After a long time, his bone marrow transplant process started last month in Maryland - the National Institutes of Health (NIH). Summering the whole process in a few lines:
a) The first 2 phases of a total of 5 were already successful done. It were comprising in a double check of his vital organs and the health and incompatibilities of the donor, his sister, Helen;
b) This week (June 9th, 2021) started the harvest cells collecting from the donor, - Helen.;
c) Next month Caesar will flight to spend about two weeks to repeat some exams and do new ones: all part of the transplant's protocol; then we'll flight back home (Memphis/TN) for rest a few weeks (celebrate his birthday) before the last phase of the hardest part: the chemotherapy that will be followed by the infusion of the stem cells harvest from his sister
d) THA will take place in the upcoming August month, when will flight back to Maryland. The hospital schedule says: one month totally isolated to the hospital when the final phase takes place, and two months living in a hospital aside to the hospital.

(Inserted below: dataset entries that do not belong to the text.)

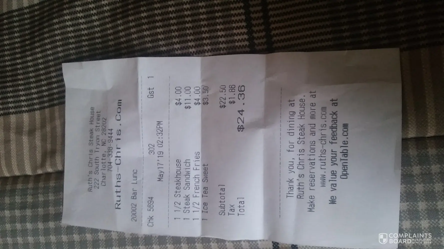 View all Ruth's Chris Steak House reviews and complaints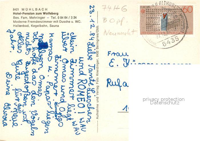 73667095 alte Postkarte Muehlbach Altmuehltal Hotel Pension zum Wolfsberg postalisch gelaufen Erhaltung siehe scans [WerneD78] KatCode: 11110009273164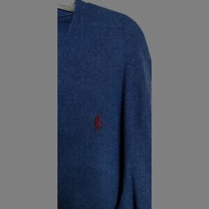 M759) Polo Ralph Lauren Men's Blue V Neck Pima Cotton Pullover Sweatshirt Large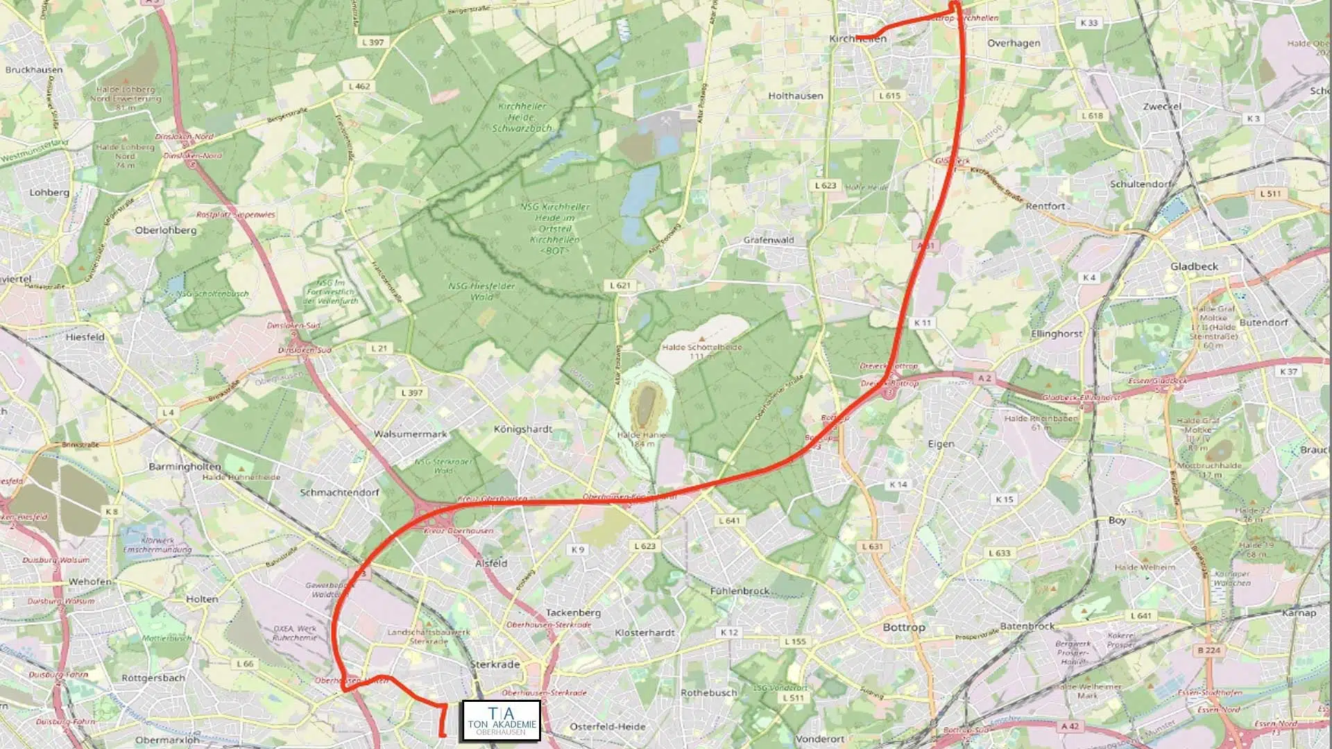Anfahrt zur TON Akademie Oberhausen von Kirchhellen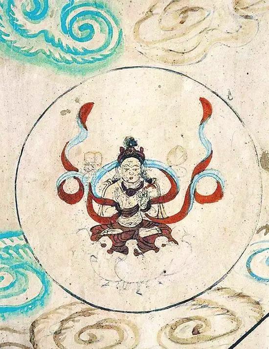 在莫高窟第384窟,月光菩萨乘于鹅座,手持月轮,端坐于月亮之中,画面灵动、唯美。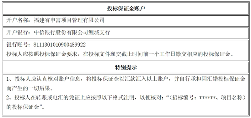 8.2遞交投標(biāo)文件及開標(biāo)地點(diǎn):福建省申富項(xiàng)目管理有限公司(地址:泉州經(jīng)濟(jì)技術(shù)開發(fā)區(qū)德泰路328號(hào)萬興大廈501室)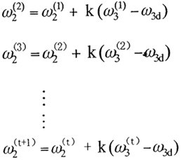 设ω1、ω2、ω3、k分别为常速电机输入速度,伺服电机的输入速度,输出速度,理论输出速度(理想值)和加权因子,e为输出速度和理论输出速度值的误差范围。迭代周期以常速电机旋转一周(2π)为一周期,迭代进行一次。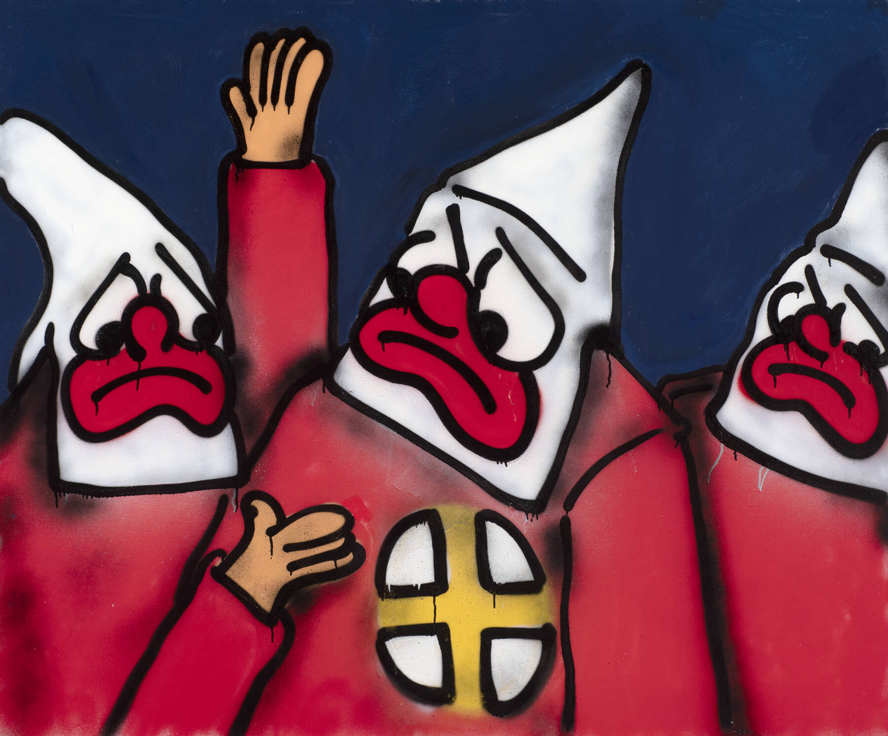 ‘OKKK’ features his abstract take on the Ku Klux Klan. “It’s a conversation. When you explain something to someone, and they go, ‘OK.’ The conversation’s not about the hooded members, it’s more about how it’s not very pleasant imagery for the conversation it’s meant to be. I want my paintings to be very straightforward, simple, easy to interpret, but the conversation that could be had from it, is… I just feel I want to be an icebreaker for a lot of people. You walk into someone’s house, you see that and you ‘hmmm,’ but now you can have a lengthy conversation about something new.”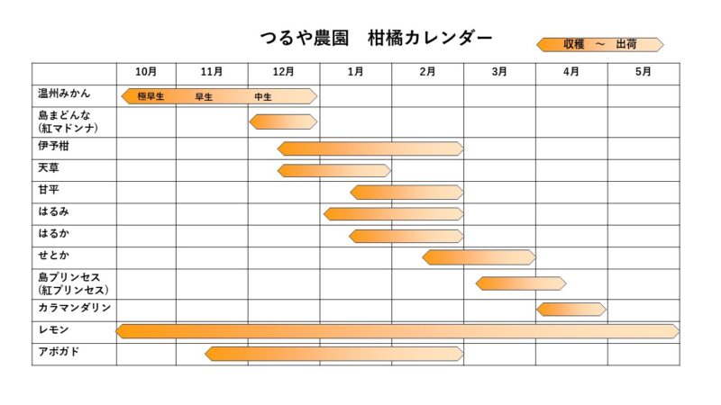 つるや農園では10月上旬から翌年4月末までの期間数多くの柑橘を栽培しています
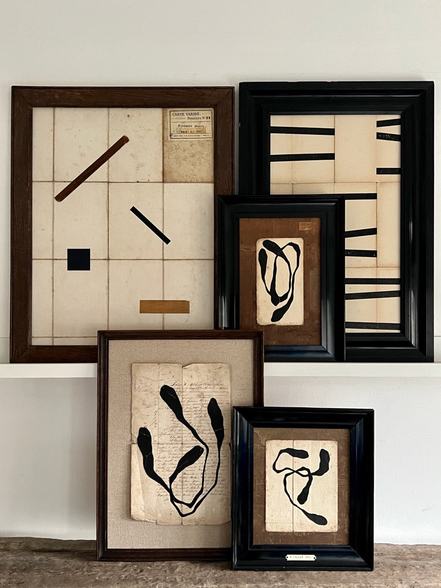 Mixed media artist Lucy Naughton takes inspiration from the collected materials that fill her home. In the sorting and arranging of antique frames, books, and papers, abstract paintings and collages come together in an intuitive way, forming collections that sit happily together or individually. The signs of age and imperfections in the materials used are embraced and make each piece totally unique.

e) Finally, by the end of October, we'll be back home with him out of this life-threatening anemia. In the end, everything in on God hands; therefore, He will deliver the final victory for we honor His name forever.
I WILL FIND AN EXTRA TIME TO WORK EDITING THE BELOW PART OF THE TEXT, HIS HISTORY, BUT THE ABOVE UPDATE DONE TODAY (JUNE 7TH, 2021 AT 12:03) CORROBORATE WITH OTHER UPDATES THAT WE PUT ON BEFORE.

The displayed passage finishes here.